I am relatively new to deep learning, I began using PyTorch to build a convolutional binary classifier for time series two weeks ago. I got it to the stage where I can pass time series individually without error but now I want to speed things up by using batches.

In my reading I have come across a few different terms and symbols to describe dimensions of layers and inputs and I am having a hard time matching them up with each other.
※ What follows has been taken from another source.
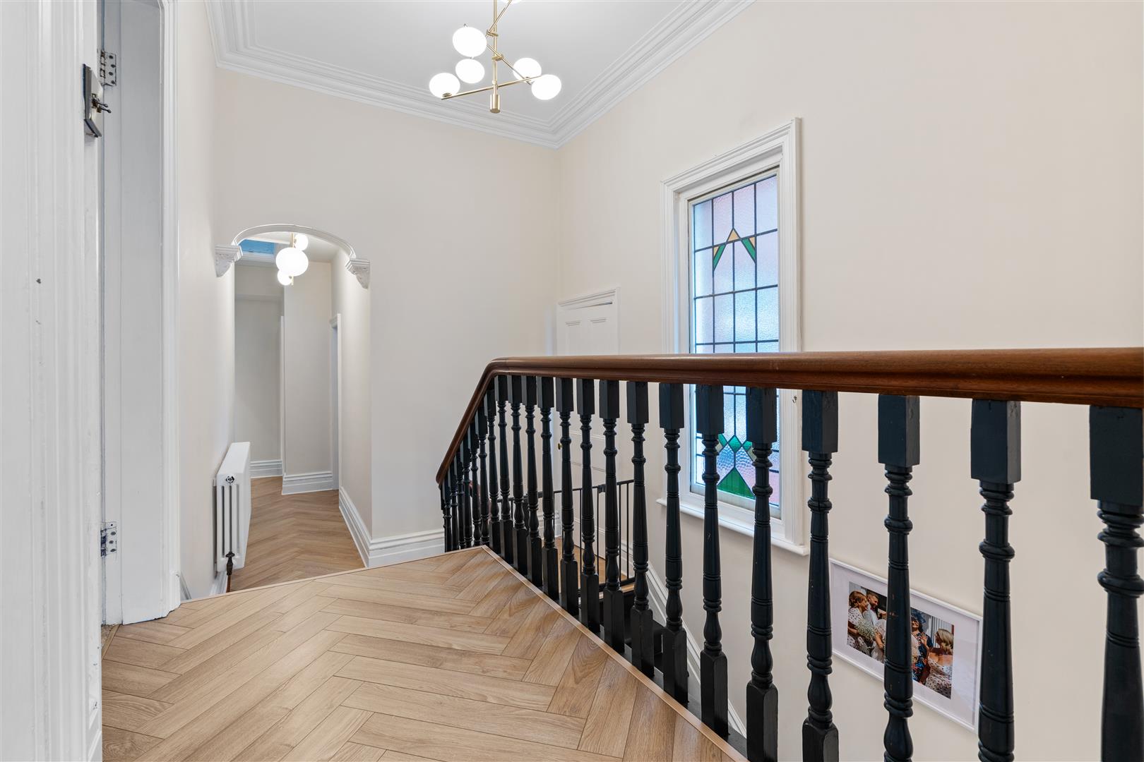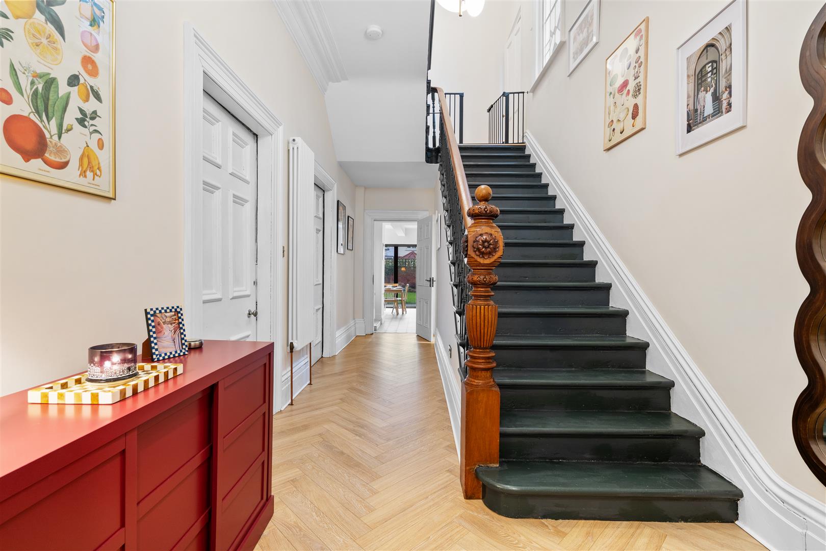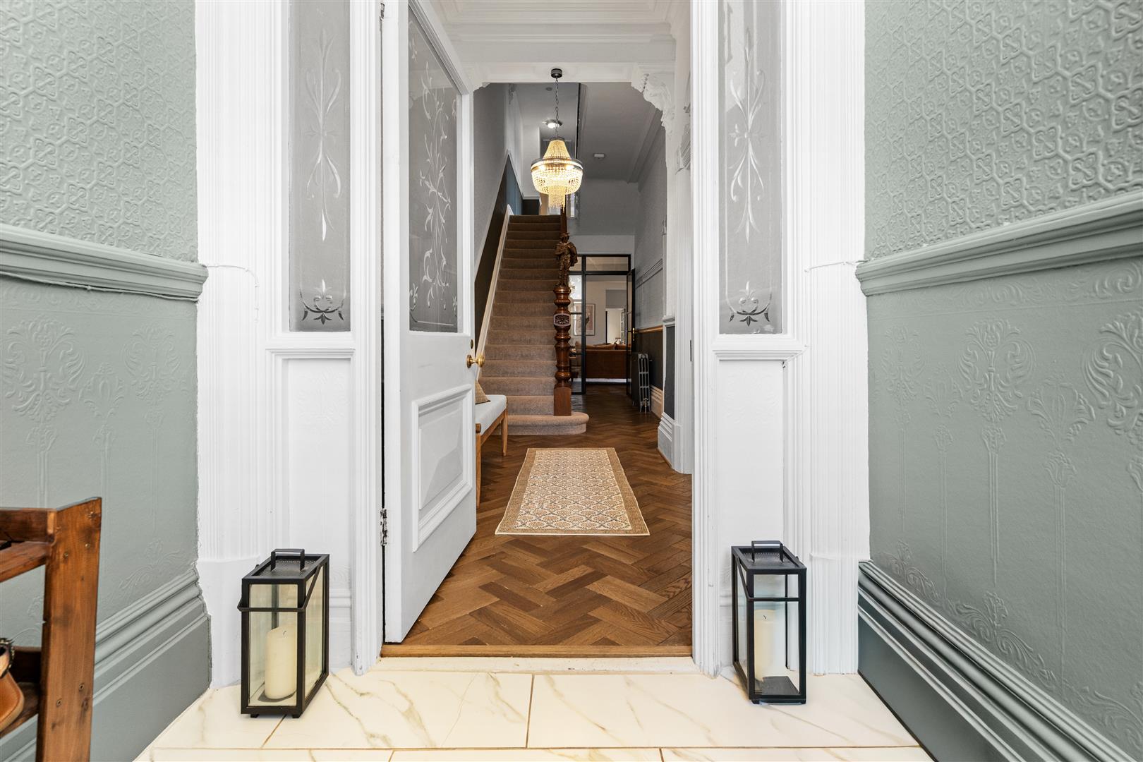 Inviting entrance hallway entered via etched glass doors with original stairs the first floor accommodation, impeccable decor, column radiator, beautiful herringbone flooring, deep cornicing and skirting/architrave which is evident throughout the property.

PyTorch docs for Conv1D has (in_channels, out_channels, kernel_size) as arguments and describes algebraic symbols N, C and L.

For a given network:

Input
|
Conv1d(in_channels, out_channels, kernel_size)
|
Conv1d(in_channels, out_channels, kernel_size)
|
Conv1d(in_channels, out_channels, kernel_size)
|
Conv1d(in_channels, out_channels, kernel_size)
|
GlobAvPool()
|
Flattener of some kind e.g. .view(shape1, shape2)
|
Linear(shape1, 1) # 1 output for binary classifier

I have had this structure working for inputs of shape (1, 1, 556) which is a single time series of length 556 samples. When i change to batches, which numbers change? Are there restrictions on what batch_size can be?

So far my understanding is based on these terms and definitions:

• kernel_size: the number of timestamps the kernel looks at

• n_filters: the number of kernels, this seems to be the in_channels and out_channels for most conv (not the first one)

• batch_size: how many time series am I feeding in at once

Note that the time series are just a single string of digits (does that mean one channel in analogy with an RGB image being 3 channels? or is the number of channels the batch size?)

Basically I need to understand how these shapes interplay so I can confidently write networks of varying structure and know which numbers go where.

I am wrapping my module in Skorch’s NeuralNetBinaryClassifier() which has made me much more confused but it has worked for batch_size = 1.

My code is below for reference but my priority is a conceptual answer to the above, relating to my context. Feel free to also point out anything silly that I have done if you like.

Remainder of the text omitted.